4. The execution, delivery and performance of and compliance with the terms of the Transaction
Documents and the issuance of the Preferred Stock, the Warrants and the Common Stock issuable upon
conversion of the Preferred Stock and exercise of the Warrants do not (i) violate any provision of
the Certificate of Incorporation or Bylaws, (ii) conflict with, or constitute a default (or an
event which with notice or lapse of time or both would become a default) under, or give to others
any rights of termination, amendment, acceleration or cancellation of, any material agreement,
mortgage, deed of trust, indenture, note, bond, license, lease agreement, instrument or obligation
to which the Company is a party, (iii) create or impose a lien, charge or encumbrance on any
property of the Company under any agreement or any commitment to which the Company is a party or by
which the Company is bound or by which any of its respective properties or assets are bound, or
(iv) result in a violation of any federal, state, local or foreign statute, rule, regulation,
order, judgment, injunction or decree (including Federal and state securities laws and regulations)
applicable to the Company or by which any property or asset of the Company is bound or affected,
except, in all cases other than violations pursuant to clause (i) above, for such conflicts,
default, terminations, amendments, acceleration, cancellations and violations as would not,
individually or in the aggregate, have a Material Adverse Effect.

5. No consent, approval or authorization of or designation, declaration or filing with any
governmental authority on the part of the Company is required under Federal, state or local law,
rule or regulation in connection with the valid execution and delivery of the Transaction
Documents, or the offer, sale or issuance of the Preferred Stock, the Warrants or the Common Stock
issuable upon conversion of the Preferred Stock and exercise of the Warrants other than the
Certificate of Designation and the Registration Statement.

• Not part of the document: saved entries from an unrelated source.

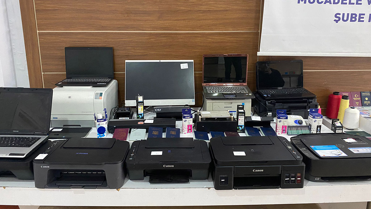 Adreste yapılan aramada; 42 farklı ülkeye ait 113 adet kimlik kartı, 90 adet boş kimlik kartı, 15 farklı ülkeye ait 27 adet Pasaport, 21 farklı ülkeye ait boş 22 adet pasaport kapağı, 5 farklı ülkeye ait kimlik bilgileri olmayan 9 pasaport, 31 farklı ülkeye ait 439 adet pasaport ve vize yaprağı, 13 adet farklı ülkelere ait boş kimlik, 785 adet hologram filigran, 510 adet boş pasaport kimlik benzeri değerli kağıt..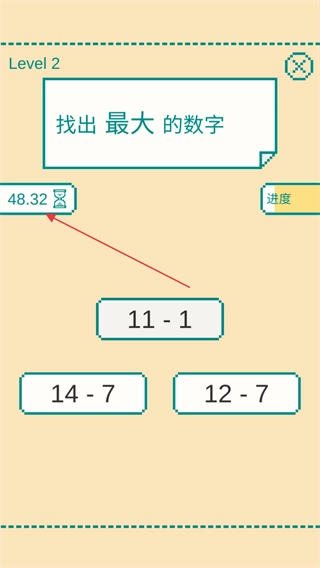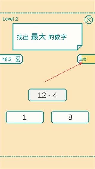 当碰到像12-4这类算式形式的数字时,要快速在心里算出结果,接着把它和其他数字进行比较,然后点击其中最大的那个数字,在此过程中还要注意进度条的变动情况。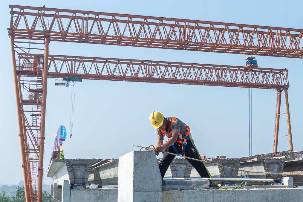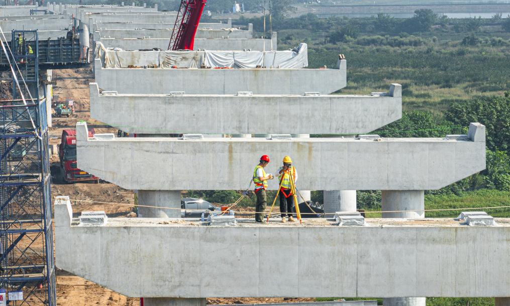 【新華社武漢10月8日】中国湖北省で整備が進む「武漢都市圏環状高速道路」で、西部に位置する孝感南区間の建設作業が続いている。中秋節に当たる6日も、建設を請け負う中鉄二十局集団の作業員200人余りが現場に立ち、コンクリート製の箱桁を高架区間に据え付ける作業を進めた。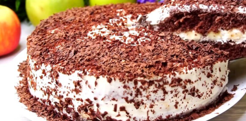 После того как торт остынет, аккуратно разрежьте его на два уровня. Подготовьте крем, смешав сметану с сахарной пудрой. На первый корж нанесите крем и выложите нарезанные бананы. Затем накройте вторым коржом и добавьте крем сверху, оформляя десерт по своему вкусу. Простой, но в то же время изысканный торт готов к подаче!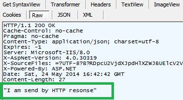 Please look that, the response string is coming as a body of HTTP response.  	Not only string, we can send any complex type of custom data type as a body  	of the HTTP response message. In the next example we will try to send a list  	of strings in the body of the response message with an Ok status. Here is  	our modified code.

6. There is no action, suit, claim, investigation or proceeding pending or threatened against
the Company which questions the validity of this Agreement or the transactions contemplated hereby
or any action taken or to be taken pursuant hereto or thereto. There is no action, suit, claim,
investigation or proceeding pending, or to our knowledge, threatened, against or involving the
Company or any of its properties or assets and which, if adversely determined, is reasonably likely
to result in a Material Adverse Effect. There are no outstanding orders, judgments, injunctions,
awards or decrees of any court, arbitrator or governmental or regulatory body against the Company
or any officers or directors of the Company in their capacities as such.

7. The offer, issuance and sale of the Preferred Stock and the Warrants and the offer,
issuance and sale of the shares of Common Stock issuable upon conversion of the Preferred Stock and
exercise of the Warrants pursuant to the Purchase Agreement, the Certificate of Designation and the
Warrants, as applicable, are exempt from the registration requirements of the Securities Act.

8. The Company is not, and as a result of and immediately upon Closing will not be, an
“investment company” or a company “controlled” by an “investment company,” within the meaning of
the Investment Company Act of 1940, as amended.